▶ **REQUIRED ACTION**: Take the records below and set down exactly the lines from the one with "かかとパッド 2枚セット ハイヒール" to the one with "Przepiękny, duży czarny", ends included; do not copy the pictures.

----- DATA RECORDS -----

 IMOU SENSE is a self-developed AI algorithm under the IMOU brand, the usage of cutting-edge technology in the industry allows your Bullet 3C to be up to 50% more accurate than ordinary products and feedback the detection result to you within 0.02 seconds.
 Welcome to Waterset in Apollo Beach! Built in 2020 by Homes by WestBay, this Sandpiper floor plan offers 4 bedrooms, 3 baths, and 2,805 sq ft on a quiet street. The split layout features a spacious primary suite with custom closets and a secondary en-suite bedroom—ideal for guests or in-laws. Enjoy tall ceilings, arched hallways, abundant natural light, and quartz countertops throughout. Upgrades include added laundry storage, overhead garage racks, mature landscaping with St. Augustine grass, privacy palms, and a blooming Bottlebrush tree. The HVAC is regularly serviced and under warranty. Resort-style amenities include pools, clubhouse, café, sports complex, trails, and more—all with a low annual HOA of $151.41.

-----
----- DATA RECORDS -----

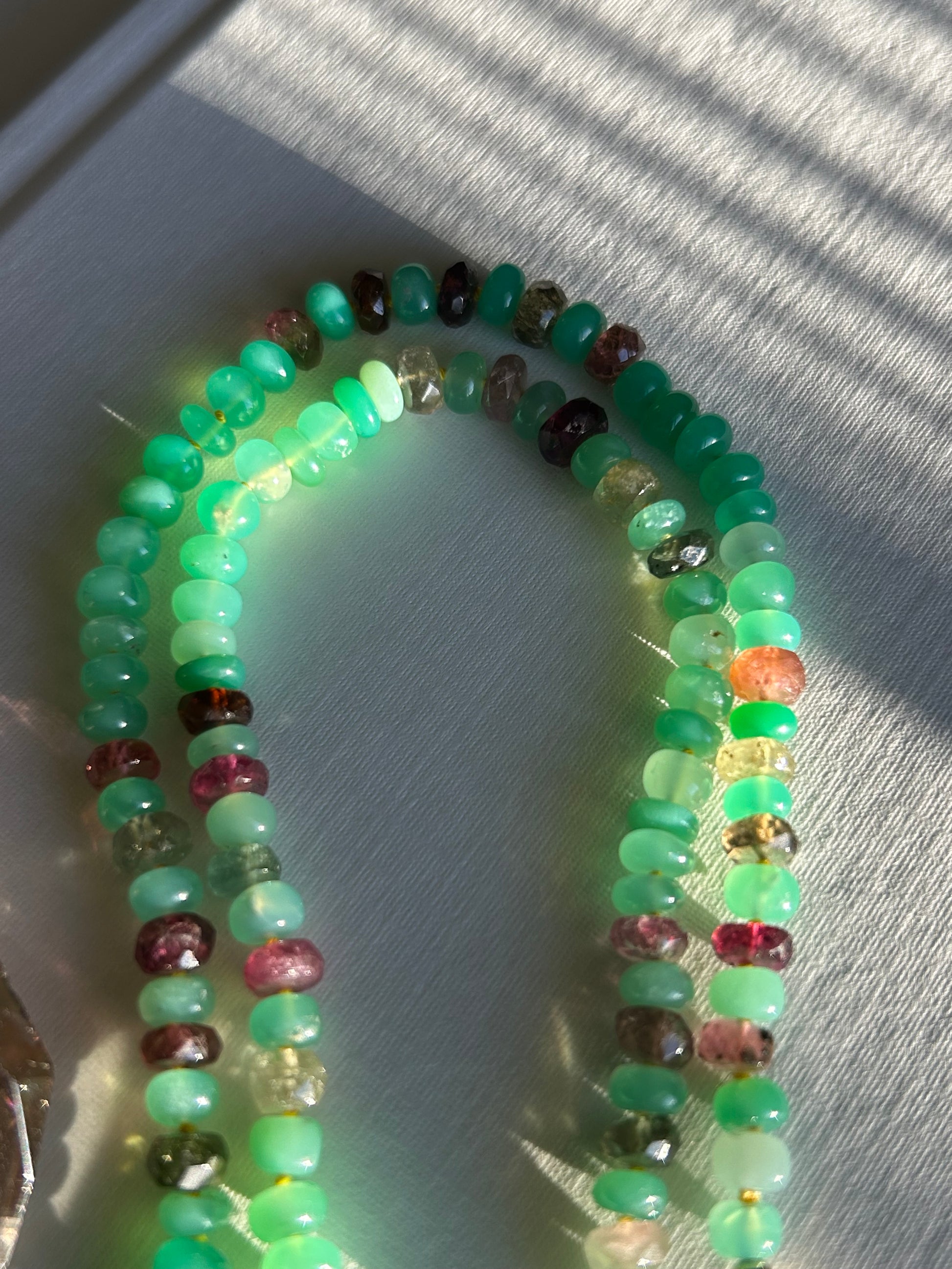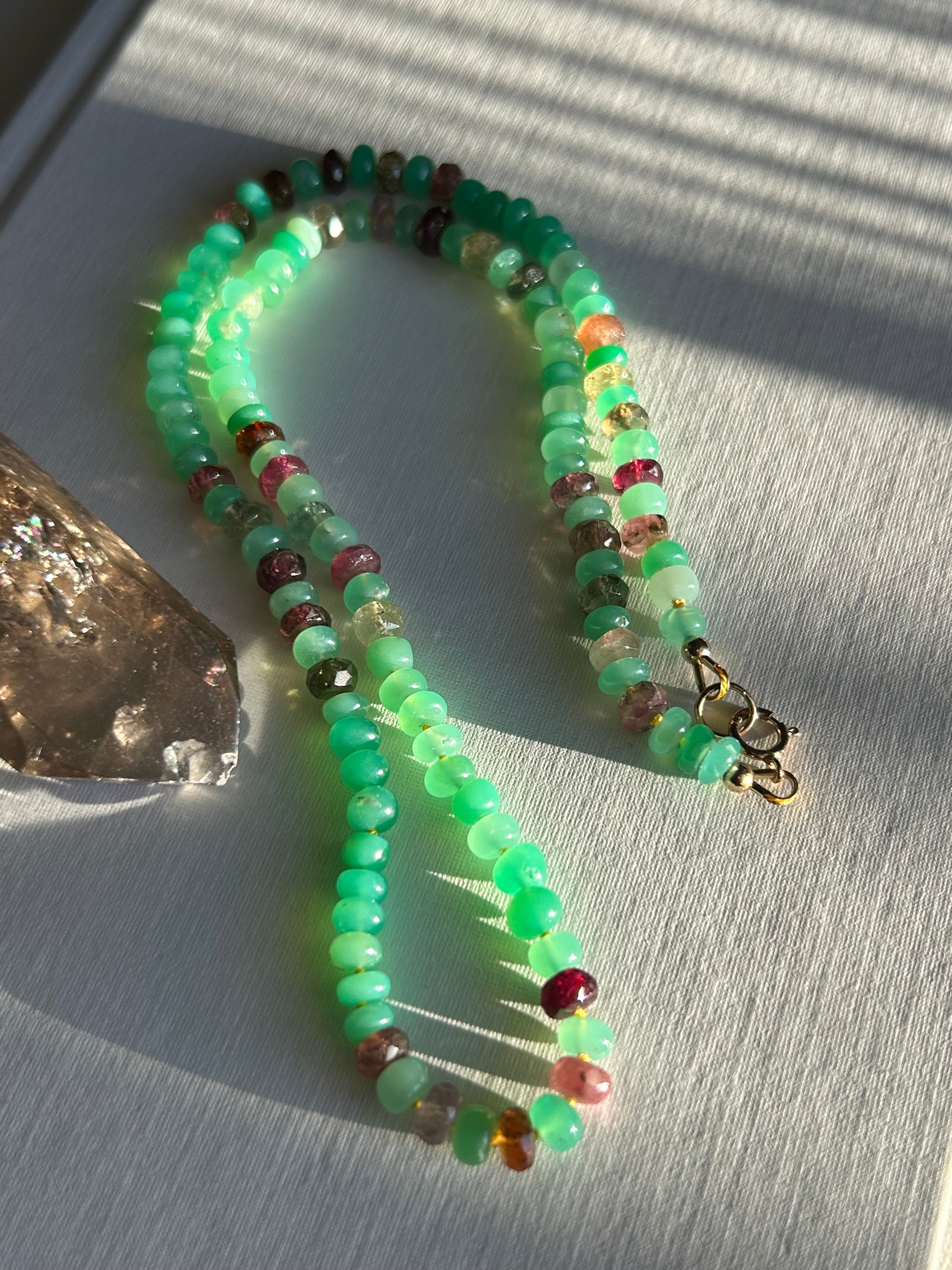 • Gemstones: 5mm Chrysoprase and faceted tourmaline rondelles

-----
----- DATA RECORDS -----

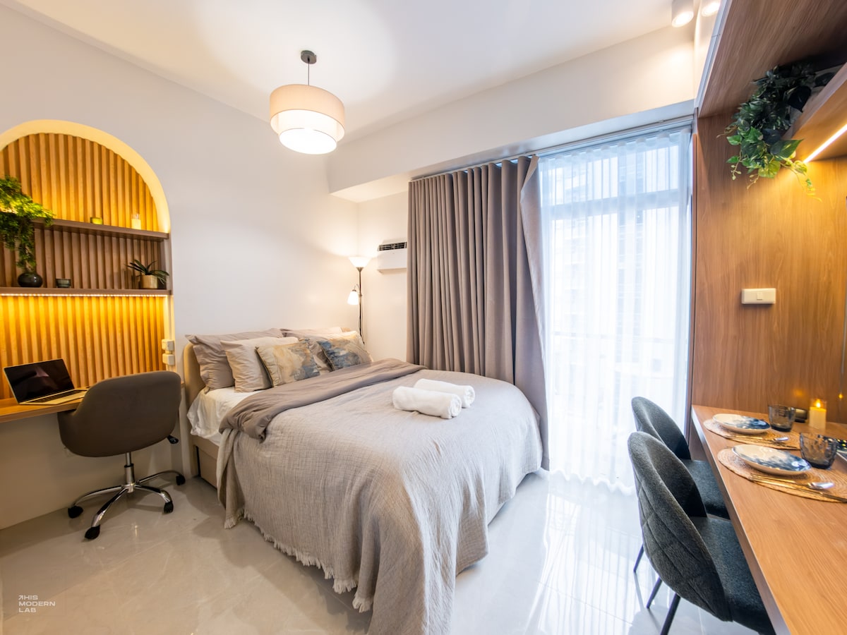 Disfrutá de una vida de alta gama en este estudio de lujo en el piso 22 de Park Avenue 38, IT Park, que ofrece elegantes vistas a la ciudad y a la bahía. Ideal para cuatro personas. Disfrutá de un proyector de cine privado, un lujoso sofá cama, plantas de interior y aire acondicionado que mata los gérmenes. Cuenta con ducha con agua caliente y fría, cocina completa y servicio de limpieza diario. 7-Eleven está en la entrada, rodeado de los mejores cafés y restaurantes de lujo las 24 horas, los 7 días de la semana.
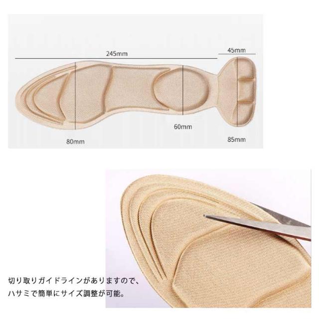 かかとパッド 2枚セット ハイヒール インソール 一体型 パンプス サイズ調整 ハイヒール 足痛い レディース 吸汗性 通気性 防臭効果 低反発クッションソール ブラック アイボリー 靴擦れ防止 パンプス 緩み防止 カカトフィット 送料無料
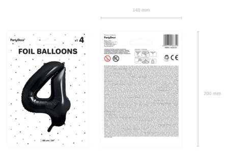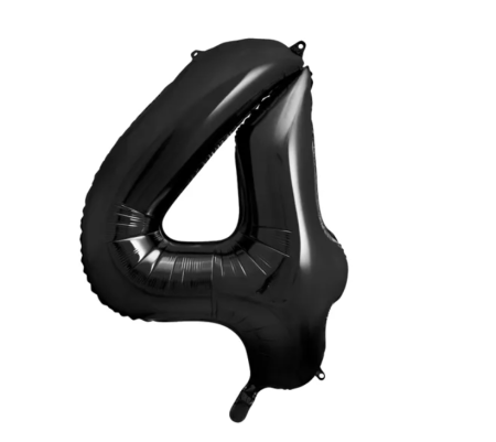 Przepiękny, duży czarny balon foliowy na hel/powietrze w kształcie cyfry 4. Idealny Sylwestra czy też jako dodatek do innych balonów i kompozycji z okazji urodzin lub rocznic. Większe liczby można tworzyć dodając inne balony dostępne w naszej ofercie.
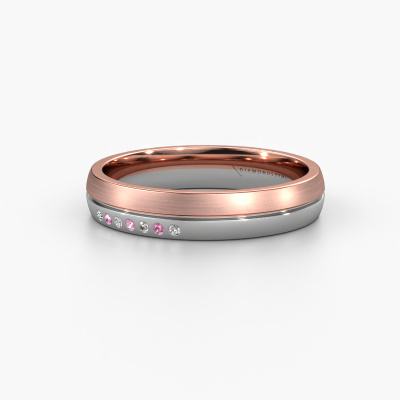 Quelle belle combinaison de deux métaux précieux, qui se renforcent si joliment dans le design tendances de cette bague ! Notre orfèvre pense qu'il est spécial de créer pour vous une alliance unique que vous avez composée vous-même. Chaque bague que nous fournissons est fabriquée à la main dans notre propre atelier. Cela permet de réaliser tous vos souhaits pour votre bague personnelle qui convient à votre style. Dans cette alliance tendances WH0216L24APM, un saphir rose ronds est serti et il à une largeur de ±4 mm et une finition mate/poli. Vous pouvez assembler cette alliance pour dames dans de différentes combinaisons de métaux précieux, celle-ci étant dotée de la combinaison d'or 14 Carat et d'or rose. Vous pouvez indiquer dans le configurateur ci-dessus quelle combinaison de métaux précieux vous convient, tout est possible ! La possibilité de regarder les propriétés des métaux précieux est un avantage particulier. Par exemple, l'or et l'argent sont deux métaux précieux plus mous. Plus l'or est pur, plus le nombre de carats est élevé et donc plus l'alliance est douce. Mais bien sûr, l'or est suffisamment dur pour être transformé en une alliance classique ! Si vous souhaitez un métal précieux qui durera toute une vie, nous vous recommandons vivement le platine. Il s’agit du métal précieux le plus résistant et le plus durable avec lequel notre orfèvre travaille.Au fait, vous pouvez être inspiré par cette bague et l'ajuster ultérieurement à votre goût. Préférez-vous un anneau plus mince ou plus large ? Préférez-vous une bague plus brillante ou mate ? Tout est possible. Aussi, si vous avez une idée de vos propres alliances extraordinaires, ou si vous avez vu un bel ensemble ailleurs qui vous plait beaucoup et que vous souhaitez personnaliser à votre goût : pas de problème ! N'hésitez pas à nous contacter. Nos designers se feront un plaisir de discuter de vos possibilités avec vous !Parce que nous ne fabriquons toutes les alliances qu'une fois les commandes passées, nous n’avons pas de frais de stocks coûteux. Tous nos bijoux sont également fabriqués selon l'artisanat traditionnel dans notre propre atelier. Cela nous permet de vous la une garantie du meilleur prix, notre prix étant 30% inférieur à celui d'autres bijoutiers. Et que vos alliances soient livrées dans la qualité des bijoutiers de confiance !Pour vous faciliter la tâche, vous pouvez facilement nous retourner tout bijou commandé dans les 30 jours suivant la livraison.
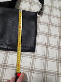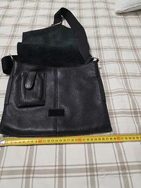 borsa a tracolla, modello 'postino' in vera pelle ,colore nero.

-----

▶ **WRITTEN RESPONSE**:
 かかとパッド 2枚セット ハイヒール インソール 一体型 パンプス サイズ調整 ハイヒール 足痛い レディース 吸汗性 通気性 防臭効果 低反発クッションソール ブラック アイボリー 靴擦れ防止 パンプス 緩み防止 カカトフィット 送料無料
 Przepiękny, duży czarny balon foliowy na hel/powietrze w kształcie cyfry 4. Idealny Sylwestra czy też jako dodatek do innych balonów i kompozycji z okazji urodzin lub rocznic. Większe liczby można tworzyć dodając inne balony dostępne w naszej ofercie.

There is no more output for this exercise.